Chatib Basri: Tax Amnesty Bukan Solusi Pilihan di Kala Normal

Ekbis167 Views

KEPRIPOS.COM (KPC), Jakarta — Mantan Menteri Keuangan (Menkeu) Chatib Basri menilai program pengampunan pajak merupakan kebijakan yang terpaksa diambil pemerintah di tengah perlambatan ekonomi dan pelemahan ekspor. Namun, ia memilih tidak untuk menggunakan kebijakan amnesti pajak ketika menjadi orang nomor satu di Kementerian Keuangan (21 Mei 2013 – 20 Oktober 2014).

Alasannya, kata Chatib, kondisi perekonomian nasional dua tahun yang lalu berbeda dengan saat ini.  Kala itu, Indonesia masih bisa merasakan kemewahan dari meledaknya harga komoditas dan permintaan ekspor belum turun setajam dua tahun terakhir.

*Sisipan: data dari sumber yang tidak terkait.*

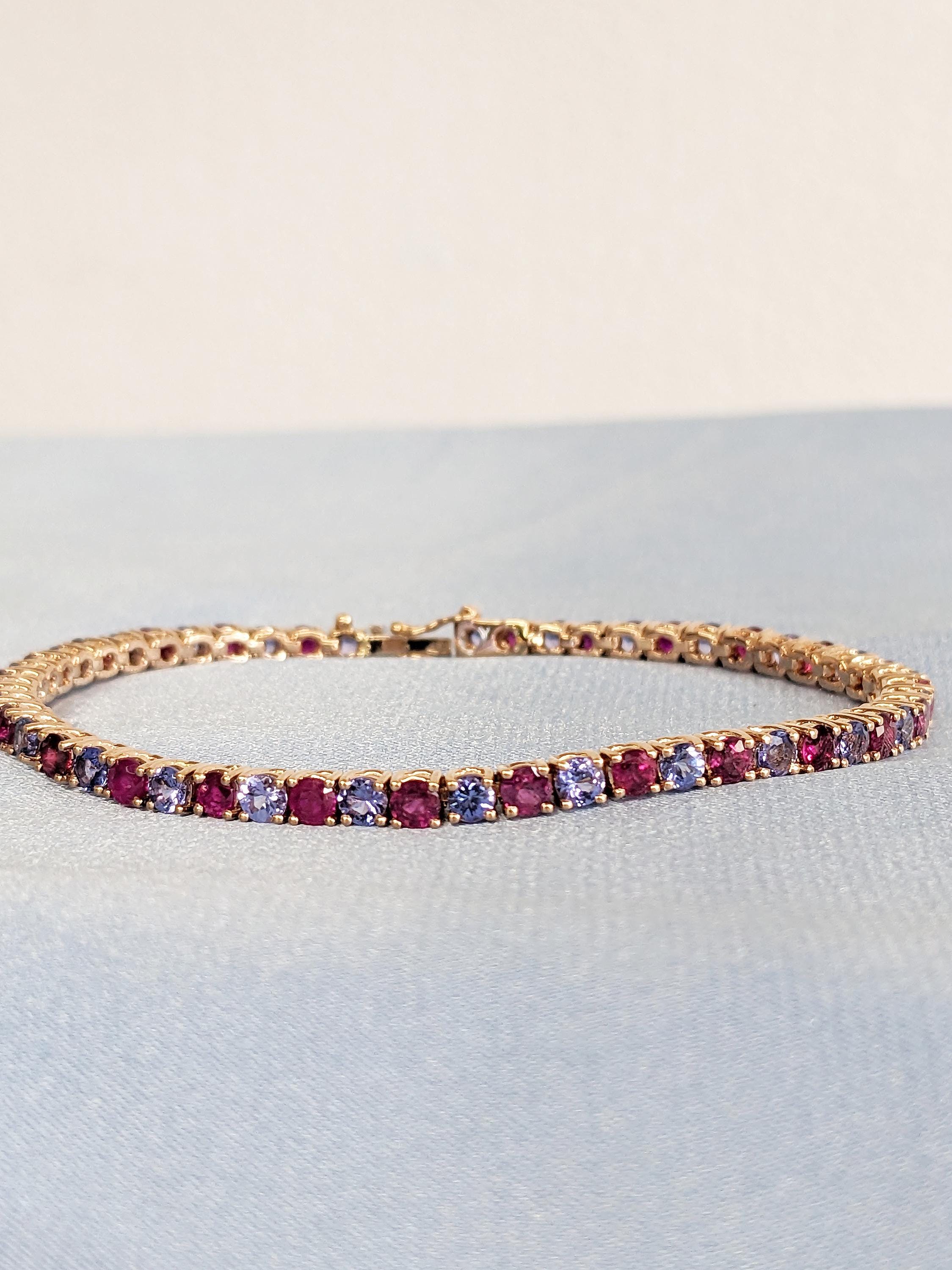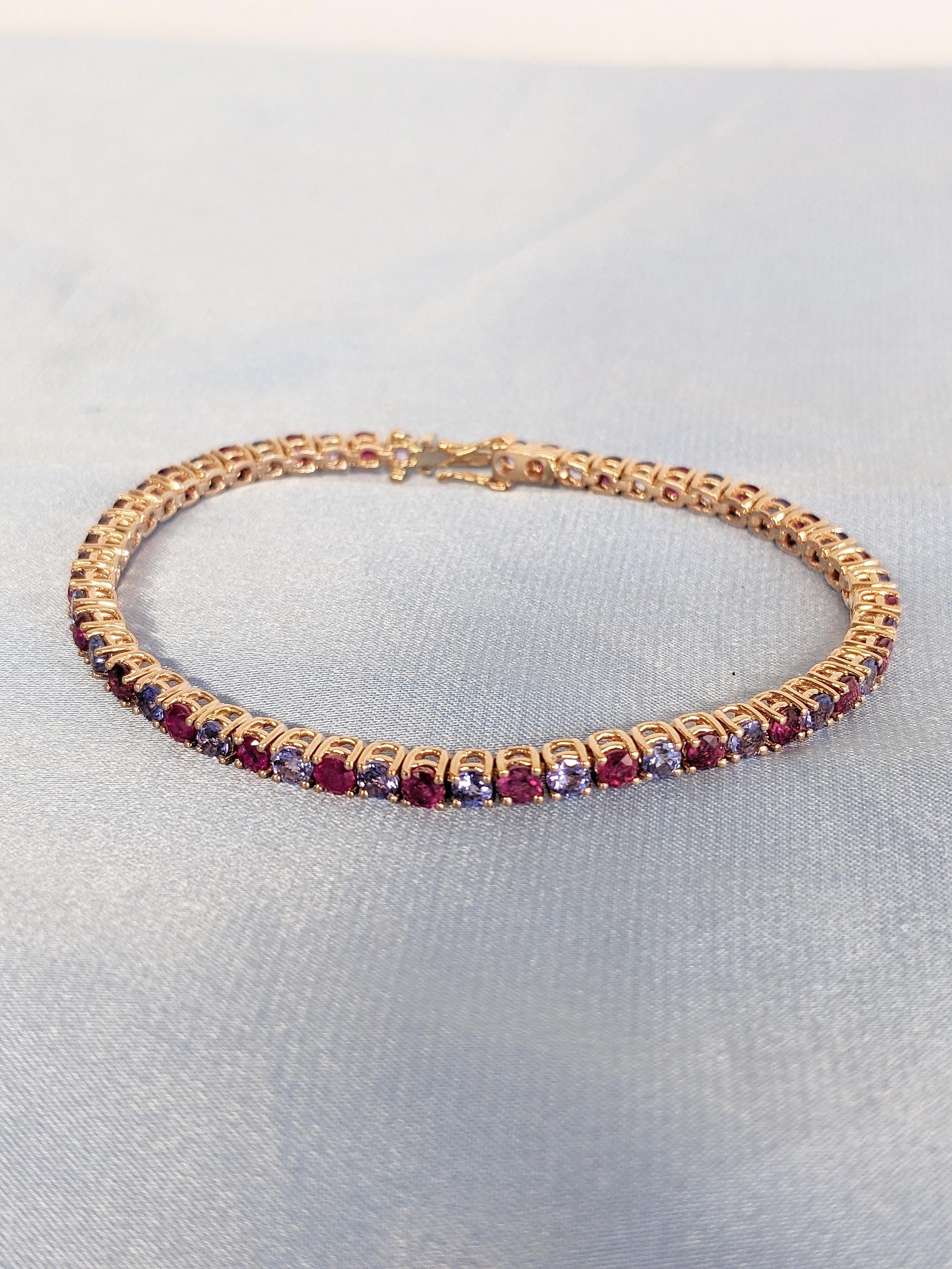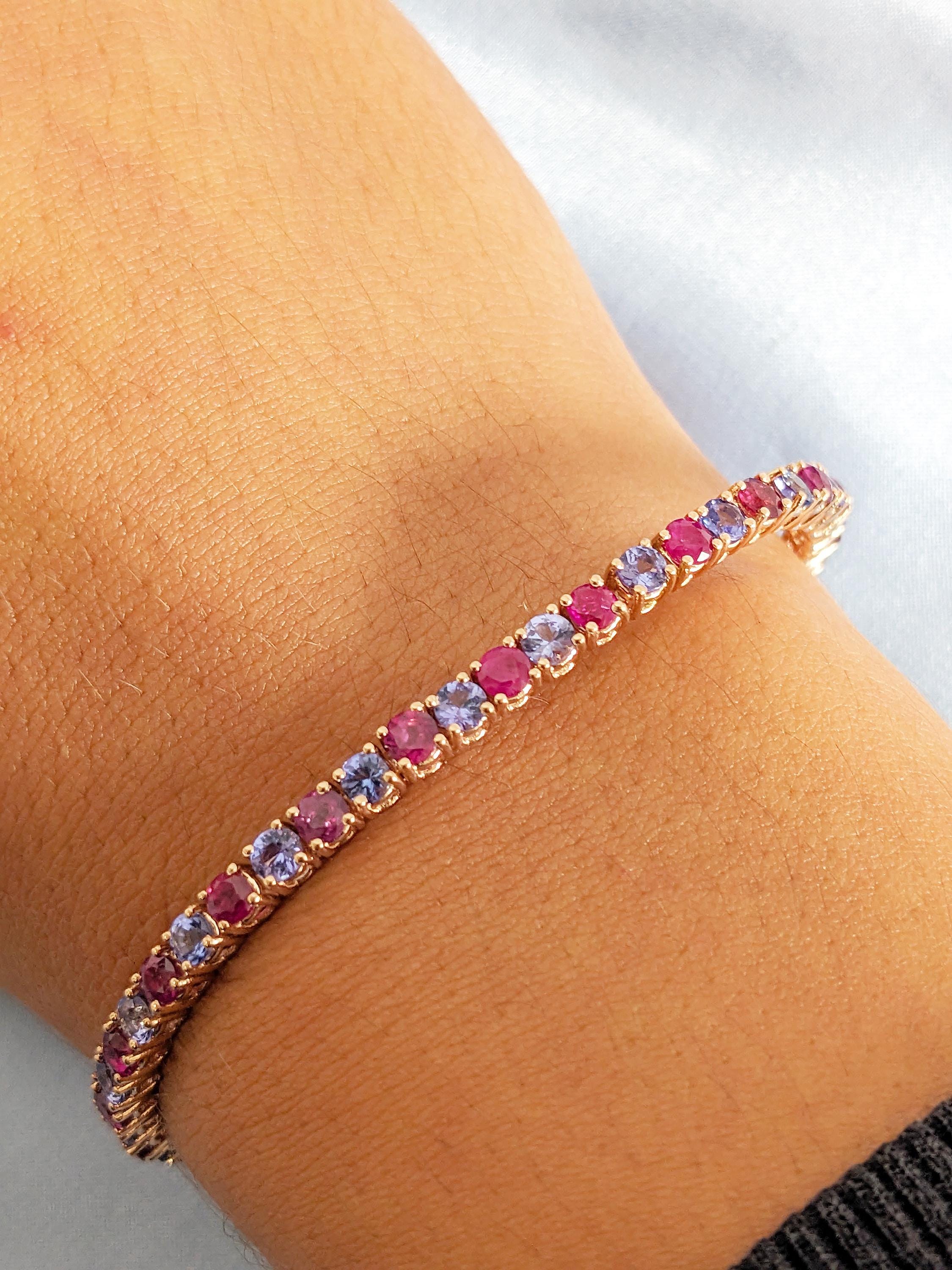 Minimalist 14k Rose Gold Tennis Bracelet, Multicolor 3mm Natural Ruby, Tanzanite Gemstone Bracelet for Women, Vintage Red Ruby Jewelry

Dampaknya, penerimaaan fiskal masih relatif aman dengan defisit masih di kisaran 2,2 hingga 2,3 persen dari Pendapatan Domestik Bruto (PDB).

“Harga komoditas kala itu masih di atas jadi saya punya ruang untuk reformasi perpajakan dilakukan sebelum tax amnesty dilakukan,” tutur ekonom yang ditunjuk sebagai saksi ahli pemerintah dalam sidang lanjutan uji materi Undang-Undang Pengampunan Pajak di Mahkamah Konstitusi, Senin (31/10).

Menurut Chatib, beberapa upaya perbaikan sistem perpajakan yang terjadi di eranya antara lain inisiasi penyampaian Surat Pemberitahuan (SPT) pajak tahunan secara online (e-filing), penyerahan faktur pajak secara online, dan pengenaan Pajak Penghasilan (PPh) final bagi Usaha Mikro, Kecil dan Menengah (UMKM).

Sementara saat ini, lanjutnya, pemerintahan dihadapkan dengan kondisi perlambatan ekonomi dunia yang menekan permintaan ekspor. Tak hanya itu, kondisi harga komoditas juga belum pulih sehingga sulit mengharapkan ekspor sebagai motor pertumbuhan ekonomi dan sumber penerimaan negara.

“Padahal, struktur penerimaan perpajakan kita itu banyak didominasi oleh perusahaan yang berkaitan dengan sumber daya alam,” ujarnya.

Dia pun mengutip data Bank Dunia 2013, di mana rata-rata harga minyak dunia dan batubara pada saat itu masing-masing berkisar US$104,08 per barel dan US$84,56 per metrik ton (mt). Sementara tahun lalu, harga keduanya anjlok menjadi US$50,75 per barel dan US$57,51 per mt.

Karenanya, Chatib mengatakan pemerintah memiliki urgensi untuk melawan tekanan fiskal yang berasal dari risiko merosotnya penerimaan . Bahkan, Menkeu Sri Mulyani Indrawati masih memperkirakan tahun ini defisit anggaran diperkirakan mengarah ke 2,7 persen terhadap PDB.

“Situasi berbeda ketika 2015-2016, kalau kita mau melakukan reformasi perpajakan dulu itu butuh waktu tiga sampai empat tahun. Sementara, pendapatan mengalami penurunan saat ini,” ujarnya.

Amnesti pajak, menurut Chatib, pilihan yang terpaksa diambil pemerintah di tengah kondisi yang ada. Jika pemerintah tidak mendapatkan tekanan dan memiliki kelonggaran waktu, Chatib yakin pemerintah akan menempuh langkah lain untuk mengawali reformasi perpajakan.

“Kalau periodenya panjang, saya kira bukan ini [amnesti pajak] jawabanya,” ujarnya.

Lebih lanjut, dampak sentimen positif amnesti pajak ke perekonomian sudah bisa terlihat dari menguatnya nilai tukar rupiah lebih dari 6 persen dan penguatan Indeks  Harga Saham Gabungan (IHSG) lebih dari 20 persen sepanjang tahun ini. Penguatan ini akan terus berlanjut seiring dengan masuknya realisasi komitmen repatriasi dari wajib pajak.

Selanjutnya, Chatib meyakini perbaikan basis pajak melalui program amnesti pajak merupakan aset penting dalam menggenjot penerimaan pajak ke depan.